Can anyone throw a light on this ?


----------



## niemiro (Feb 20, 2010)

*Re: [C# Net] insufficient Privileges*

Hello!

As you have probably read, the Documents and Settings "folder" is actually not a folder at all, but actually a symbolic link. You still receive this permissions message, but actually, this is not a permissions problem at all, but a program which cannot read Symbolic Links. Since you will later search C:\Users, the solution is not to make the program able to read symbolic links (otherwise you will waste time searching C:\Users twice), but rather catch the exception, and continue onwards, past that folder. Therefore, your code for folders without permissions is good, but this isn't exactly a permissions issue, hence why it isn't working.

Unfortunately, Directory.GetFiles will quit out as soon as it comes across a folder it can't open. There is not solution for this. And it is bloomin' annoying!

Therefore, you must manually recurse (take each directory, take each file, and then in each directory, search for directories and file, and in each of those directories...) and for each directory, enclose in a Try...Catch, and continue onwards if you fail to open the directory.

If you can write this, then great (it really isn't too hard). However, if you need inspiration, some kind people have put examples online for you to use. I will show you two good ones, which are hard to find, but better than the rest.

C# Recursive File and Directory Method

That one is very simple. It is also very easy to understand. However, remember that none are absolutely perfect for any one scenario.

Personally, I wouldn't use a plain Catch (that is a VERY bad idea, for many reasons) Probably better to change that to Catch (System.UnauthorizedAccessException)

Also, if you wish, you could easily add a pattern search, etc.

Also, can I use this time to make a general comment which apply to all snippets? If you know a little bit of OOP, create a Strategy Design Pattern template to test your algorithms on, and also, a little knowledge of LINQ could speed things up quite a bit here...

Also, if you are worried that some directories might actually have permissions problems (actual permissions problems, and not Symbolic Links) (there are some Norton directories which spring to mind) then implement some of your above code. Keep in mind efficiency (very important if you are searching an entire hard disk drive) and most likely you don't have to deal with permissions for every file, just when you fail to open one.

Also, if you are searching for one file, the most specific the pattern, the shorter the search time. USE PATTERNS! If you are going to search for multiple files, obviously, use an all inclusive pattern, and search the vector.

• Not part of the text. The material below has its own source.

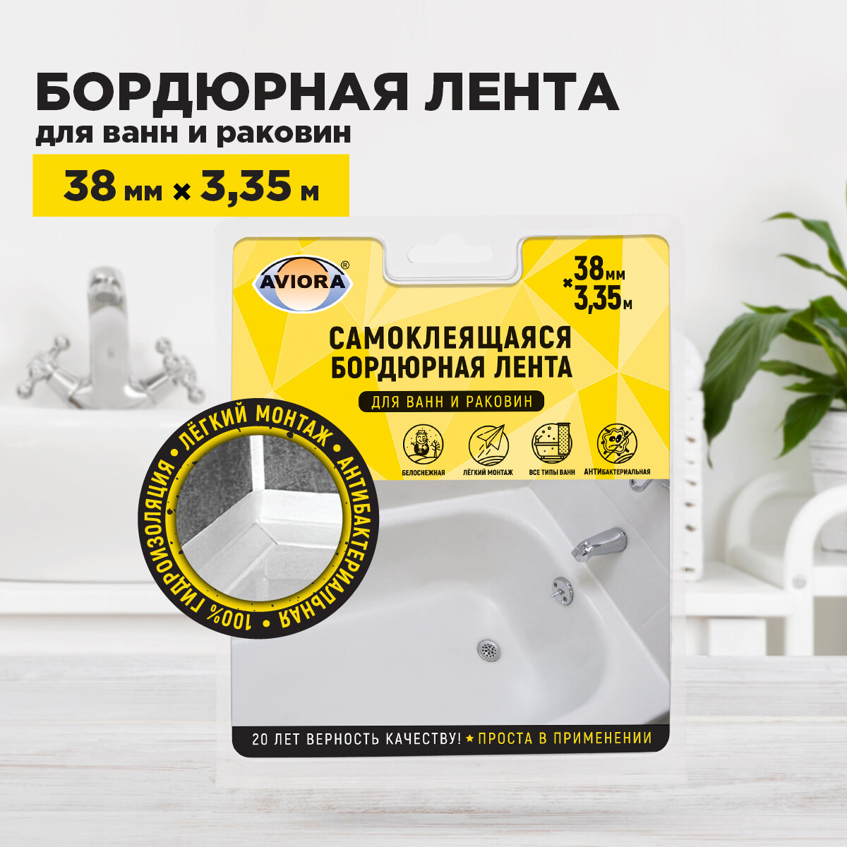 Лента бордюрная для ванн и раковин Aviora, 38 мм x 3,35 м, белая 1 097 ₽

Remember to put this onto a BackgroundWorkerThread (or any other thread) so as not to cause *too* much harm to the UI thread, and use delegates to call back to your UI.

Have a look at this snippet (if you know enough C# keywords to understand it) Use Iterators to get all files (recursive) - C# - Source Code | DreamInCode.net

This one has some efficiencies, and some inefficiencies (if maybe you don't need all of the data in a DirectoryInfo object), but nevertheless is very nice.

It also needs a fair amount more work to make it do as you wish it to...

Finally, if you want to recurse deep, beyond the 260 character MAX_PATH limit, tell me, and I shall show you another way 

I really hope that this helps..., and the very best of luck!

Richard

P.S. Feel free to ask if I have used any unfamiliar terminology! Your best bet would probably be to use the top link, and then follow the rest of the post as and when and if you run into problems (such as the MAX_PATH limitation)


----------



## Emphyrio (May 16, 2009)

*Re: [C# Net] insufficient Privileges*

Hi niemiro,

Lots of thanks for Your exellent clarification.
This realy was very usefull. ray:

It has set my on my way 


I haven't much experience with Strategy Design Pattern template or LINQ, but I will take Your good advice in consideration and try to get it done.

I come from old skool ASM programming (80x86 and 6502C) to OOP, it was (at first) a bit confusing (for me).
But the more I use OOP (and VS 2010) the more I come too like it.

The link too DreamCode (iteration) was one I came across, but Catch (System.UnauthorizedAccessException) wasn't in my mind.
It all makes sence now.


Again, my gratefully thank too You to have taking the time for explaning.
It did help me a lot.

Emphyrio


----------



## niemiro (Feb 20, 2010)

No problem! It has been an absolute pleasure to work with you! Really glad to have been of assistance, and good luck with your program!

Richard


----------